INTRODUCTION: The current RT-qPCR approach to identify Covid-19 diseases is slow and non-optimal for a large number of candidates.

OBJECTIVES: Several studies have demonstrated that deep learning can help healthcare professionals diagnose Covid-19 patients. The deep learning model proposed in this paper significantly enhanced the accuracy of identifying Covid-19 patients compared to prior approaches.

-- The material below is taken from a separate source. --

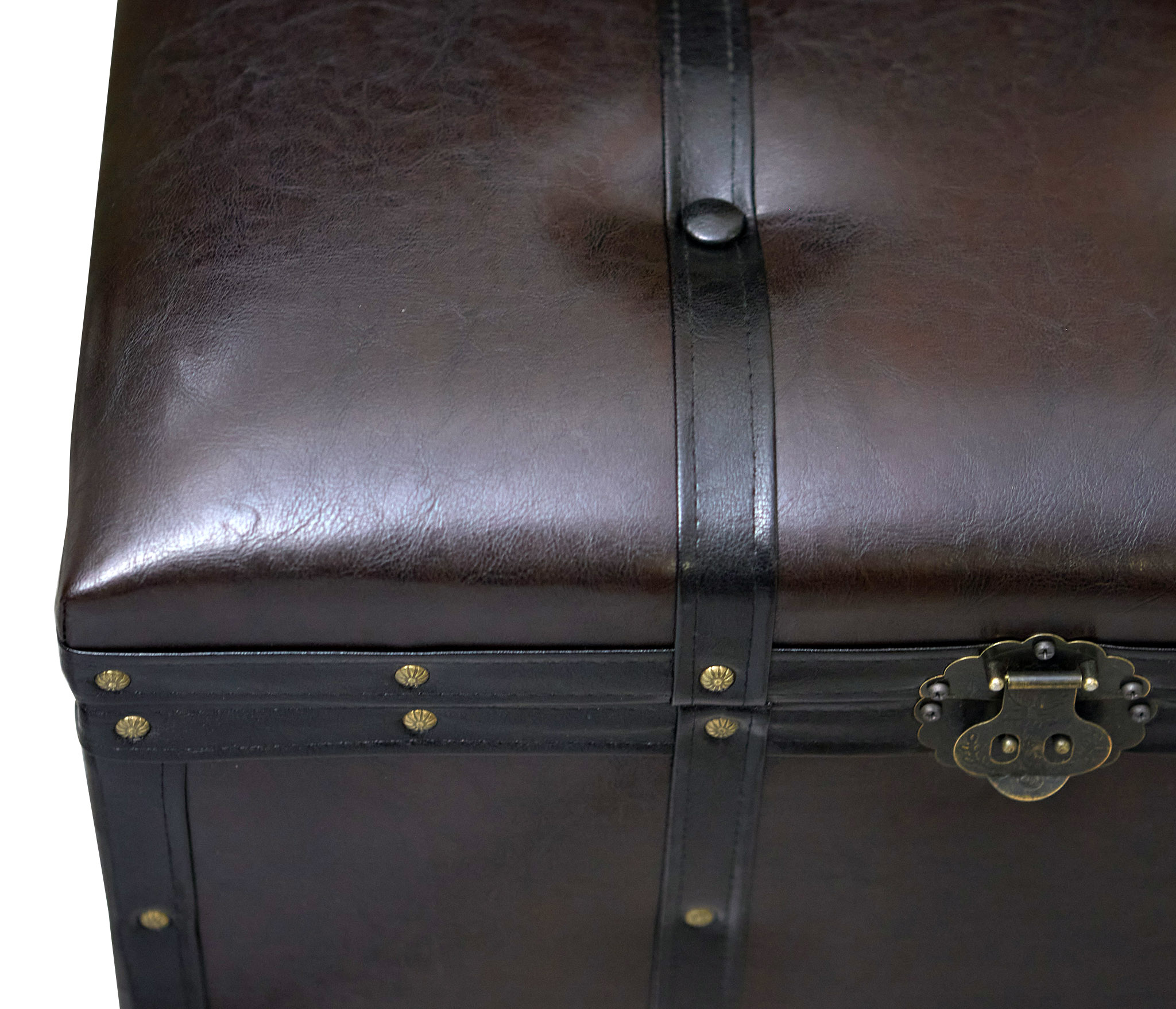 Банкетка с ящиком для хранения малая с ремнями представлена в виде напольного сундука в старинном классическом стиле. Пуфик удивительно красив и функционален: может использоваться и как пуф-банкетка и как объемный короб для хранения. Декорирован ремнями и металлическими бронзовыми гвоздями. Внутреннее пространство отделано спанбондом. Сундук стоит на пластиковых ножках. Материал обивки: эко-кожа благородного темно-шоколадного оттенка.Пуфик подойдет в прихожую, коридор, в спальню, в гостинную, в детскую, в кухню, в зал прекрасно впишется в любой интерьер офиса, дома или дачи. Пуф мягкий идеальный подарок мужчине или женщине на свадьбу, годовщину или юбилей. Подарок любимой, маме, жене, подруге. Сундук очень удобен в использовании в качестве пуфа или банкетки. Его крышка изготовлена из прочного материала, способного выдерживать большую вертикальную нагрузку до 200кг. Объемное внутреннее пространство банкетки, позволяет хранить различные предметы домашнего обихода и вещи. Элегантный пуфик банкетка будет служить местом для сидения и дополнительным местом для хранения. Пуфики удобны в качестве тумбы, прикроватного туалетного столика, полки, обувницы, стула, коробки для хранения. В ящик банкетки можно сложить обувь, книги, игрушки , постельное белье. Пуф с крышкой , банкетки разных цветов , размеров и фактур : большие, высокие, круглые, велюр, из рогожки, на ножках и без, из экокожи, ткани, с каретной стяжкой представлены в нашем магазине. Банкетку удобно использовать для сидения и в качестве подставки для ног или лежака для животных. Прочный каркас, качественные материалы, эксклюзивный дизайн, стильная обивка не оставят равнодушными взрослых и детей. Наполнитель для пуфа упругий поролон. Такой пуфик-банкетка альтернатива круглому пуфу, бескаркасному пуфу, отличная замена пуфа мешка.

METHODS: This paper applies transfer learning and deep residual network ResNet152V2 to detect Covid-19 patients with the help of CT scan images. Monte Carlo Cross-Validation has been applied to obtain an accurate and valid result.

RESULTS: The proposed model can identify Covid-19 disease with an overall accuracy of 95.06%, along with an average precision and recall of 97.19% and 92.81%, respectively. It also obtained a specificity of 93.14% and a F1-score of 94.96%.

CONCLUSION: The performance of this proposed ResNet152V2 model is superior to most of the current Covid-19 detection models.

Keywords
Covid-19, deep learning, deep transfer learning, ResNet152V2
Received
2021-10-02
Accepted
2021-12-07
Published
2022-01-07
Publisher
EAI
http://dx.doi.org/10.4108/eai.7-1-2022.172812

Copyright © 2022 Lin Yang et al., licensed to EAI. This is an open access article distributed under the terms of the Creative Commons Attribution license, which permits unlimited use, distribution and reproduction in any medium so long as the original work is properly cited.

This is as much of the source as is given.